» **Required action**:
Every line from the one with "Family home on" to the one with "Oliemaleri på lærredet", including those two, is to be copied exactly; all other lines of the entries below are left out.

» **Data shown**:
______
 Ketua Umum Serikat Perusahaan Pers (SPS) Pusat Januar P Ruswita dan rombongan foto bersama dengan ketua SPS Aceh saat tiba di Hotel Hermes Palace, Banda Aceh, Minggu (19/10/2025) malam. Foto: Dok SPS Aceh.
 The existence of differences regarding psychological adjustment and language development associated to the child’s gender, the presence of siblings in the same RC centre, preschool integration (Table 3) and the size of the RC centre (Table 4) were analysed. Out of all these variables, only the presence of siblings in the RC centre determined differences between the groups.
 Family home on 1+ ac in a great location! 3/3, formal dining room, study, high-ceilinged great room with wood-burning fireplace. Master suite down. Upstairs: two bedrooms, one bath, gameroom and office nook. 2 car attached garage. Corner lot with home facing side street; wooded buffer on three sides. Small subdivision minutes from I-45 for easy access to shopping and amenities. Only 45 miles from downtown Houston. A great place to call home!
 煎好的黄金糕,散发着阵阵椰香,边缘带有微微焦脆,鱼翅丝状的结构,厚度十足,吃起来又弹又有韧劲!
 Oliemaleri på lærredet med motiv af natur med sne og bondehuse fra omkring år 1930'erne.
______
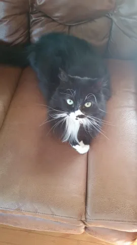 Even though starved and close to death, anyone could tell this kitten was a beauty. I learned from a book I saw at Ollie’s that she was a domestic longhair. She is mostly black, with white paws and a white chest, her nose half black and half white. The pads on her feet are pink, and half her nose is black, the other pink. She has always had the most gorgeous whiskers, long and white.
______
» **Output below**:
 Family home on 1+ ac in a great location! 3/3, formal dining room, study, high-ceilinged great room with wood-burning fireplace. Master suite down. Upstairs: two bedrooms, one bath, gameroom and office nook. 2 car attached garage. Corner lot with home facing side street; wooded buffer on three sides. Small subdivision minutes from I-45 for easy access to shopping and amenities. Only 45 miles from downtown Houston. A great place to call home!
 煎好的黄金糕,散发着阵阵椰香,边缘带有微微焦脆,鱼翅丝状的结构,厚度十足,吃起来又弹又有韧劲!
 Oliemaleri på lærredet med motiv af natur med sne og bondehuse fra omkring år 1930'erne.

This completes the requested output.